▶ **DIRECTIONS**
Please set down only the lines below starting with the line with "Hot Wheels Νταλίκα" and going on through the line with "A weighted composite", verbatim and without pictures.

▶ **INPUT DATA**
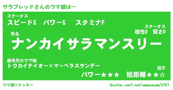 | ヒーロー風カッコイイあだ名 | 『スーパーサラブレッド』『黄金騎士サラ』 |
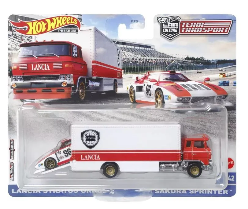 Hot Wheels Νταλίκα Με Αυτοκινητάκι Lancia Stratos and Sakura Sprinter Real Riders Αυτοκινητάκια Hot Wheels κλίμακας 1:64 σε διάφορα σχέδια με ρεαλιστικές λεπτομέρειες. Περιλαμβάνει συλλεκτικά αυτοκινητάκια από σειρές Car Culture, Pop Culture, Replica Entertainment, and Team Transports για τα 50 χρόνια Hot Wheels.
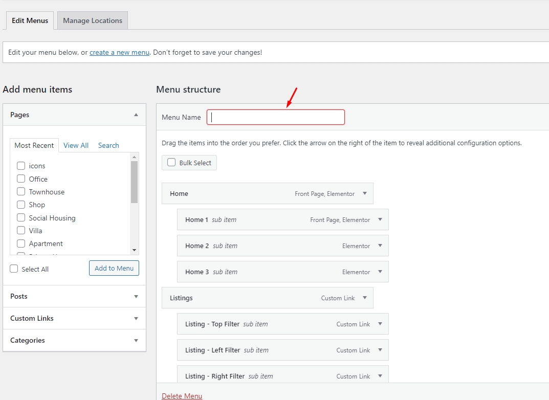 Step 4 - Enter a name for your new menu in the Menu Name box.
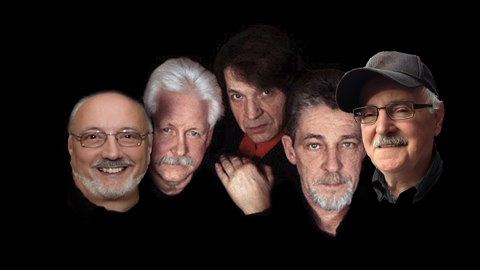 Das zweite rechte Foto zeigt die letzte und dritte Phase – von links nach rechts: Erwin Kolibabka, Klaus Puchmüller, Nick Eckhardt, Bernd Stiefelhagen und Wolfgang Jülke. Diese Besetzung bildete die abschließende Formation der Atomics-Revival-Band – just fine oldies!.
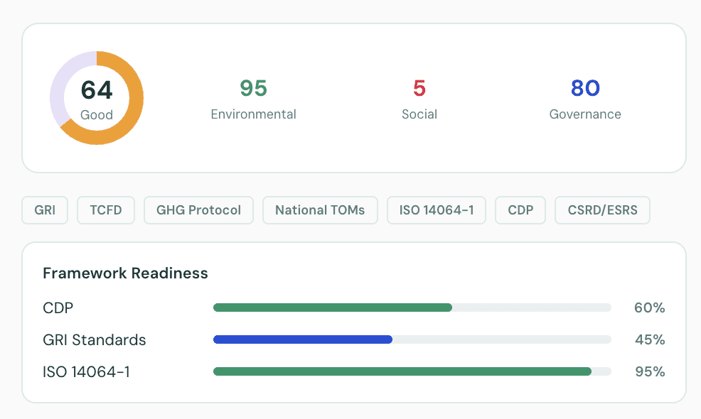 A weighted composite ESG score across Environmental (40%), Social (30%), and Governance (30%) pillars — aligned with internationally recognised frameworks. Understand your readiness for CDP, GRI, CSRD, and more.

...

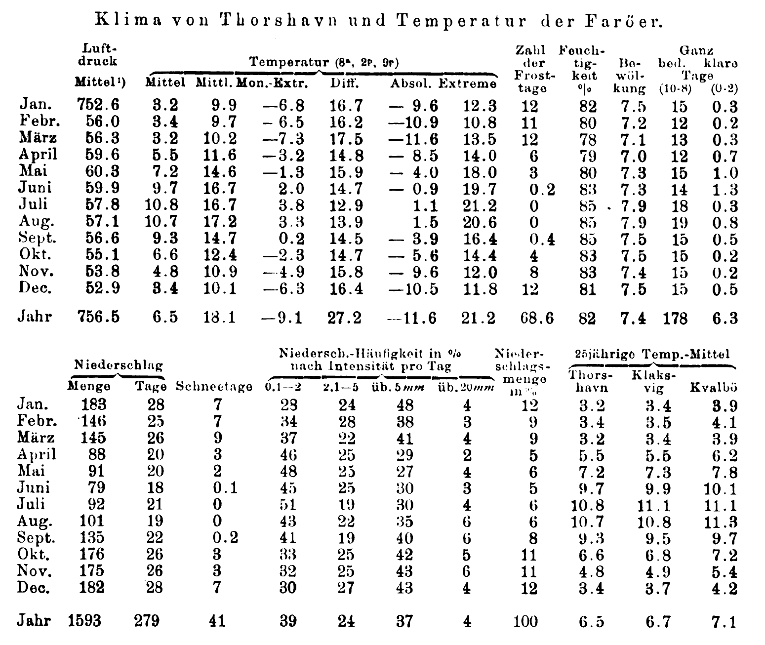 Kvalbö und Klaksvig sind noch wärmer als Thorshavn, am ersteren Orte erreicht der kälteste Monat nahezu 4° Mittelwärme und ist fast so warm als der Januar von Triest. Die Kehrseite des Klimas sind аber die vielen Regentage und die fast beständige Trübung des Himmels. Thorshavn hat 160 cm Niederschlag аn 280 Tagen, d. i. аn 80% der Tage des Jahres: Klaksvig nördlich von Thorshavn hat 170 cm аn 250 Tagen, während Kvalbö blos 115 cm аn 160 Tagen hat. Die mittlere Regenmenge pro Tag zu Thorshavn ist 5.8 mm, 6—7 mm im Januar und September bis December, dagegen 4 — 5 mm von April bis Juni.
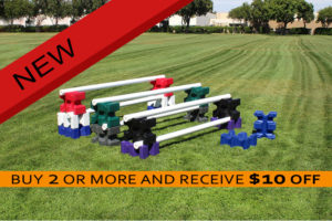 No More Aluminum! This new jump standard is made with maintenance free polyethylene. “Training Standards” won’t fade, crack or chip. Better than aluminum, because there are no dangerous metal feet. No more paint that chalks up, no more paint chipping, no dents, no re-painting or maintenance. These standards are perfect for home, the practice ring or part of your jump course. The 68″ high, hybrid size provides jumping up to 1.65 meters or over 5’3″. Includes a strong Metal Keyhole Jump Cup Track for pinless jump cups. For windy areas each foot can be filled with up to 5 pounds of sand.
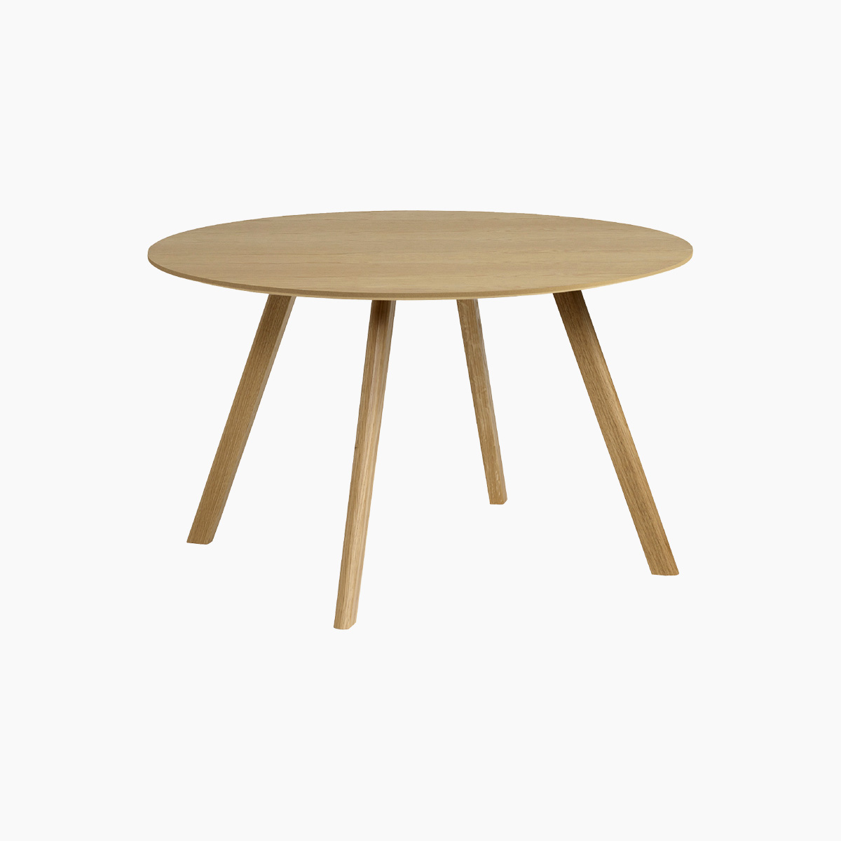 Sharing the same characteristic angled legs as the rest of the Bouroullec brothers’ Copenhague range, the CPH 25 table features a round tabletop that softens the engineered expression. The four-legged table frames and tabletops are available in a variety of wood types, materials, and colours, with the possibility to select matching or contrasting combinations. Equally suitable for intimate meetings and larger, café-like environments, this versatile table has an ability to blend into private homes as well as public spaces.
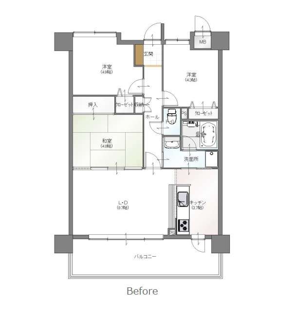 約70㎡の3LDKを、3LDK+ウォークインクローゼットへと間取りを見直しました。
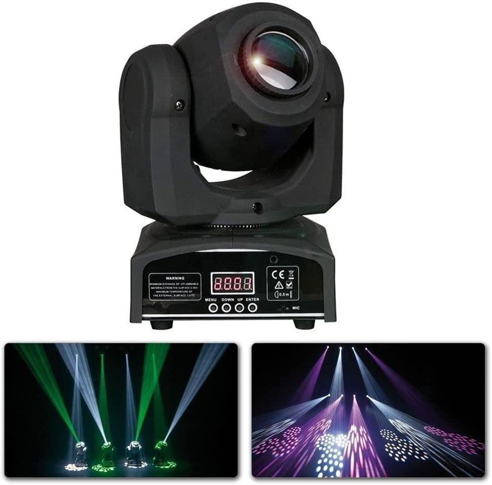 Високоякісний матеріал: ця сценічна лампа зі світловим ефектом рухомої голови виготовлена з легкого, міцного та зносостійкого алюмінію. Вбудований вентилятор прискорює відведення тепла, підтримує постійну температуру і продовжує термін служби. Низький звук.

▶ **RESULT FOR THIS EXERCISE**
 Hot Wheels Νταλίκα Με Αυτοκινητάκι Lancia Stratos and Sakura Sprinter Real Riders Αυτοκινητάκια Hot Wheels κλίμακας 1:64 σε διάφορα σχέδια με ρεαλιστικές λεπτομέρειες. Περιλαμβάνει συλλεκτικά αυτοκινητάκια από σειρές Car Culture, Pop Culture, Replica Entertainment, and Team Transports για τα 50 χρόνια Hot Wheels.
 Step 4 - Enter a name for your new menu in the Menu Name box.
 Das zweite rechte Foto zeigt die letzte und dritte Phase – von links nach rechts: Erwin Kolibabka, Klaus Puchmüller, Nick Eckhardt, Bernd Stiefelhagen und Wolfgang Jülke. Diese Besetzung bildete die abschließende Formation der Atomics-Revival-Band – just fine oldies!.
 A weighted composite ESG score across Environmental (40%), Social (30%), and Governance (30%) pillars — aligned with internationally recognised frameworks. Understand your readiness for CDP, GRI, CSRD, and more.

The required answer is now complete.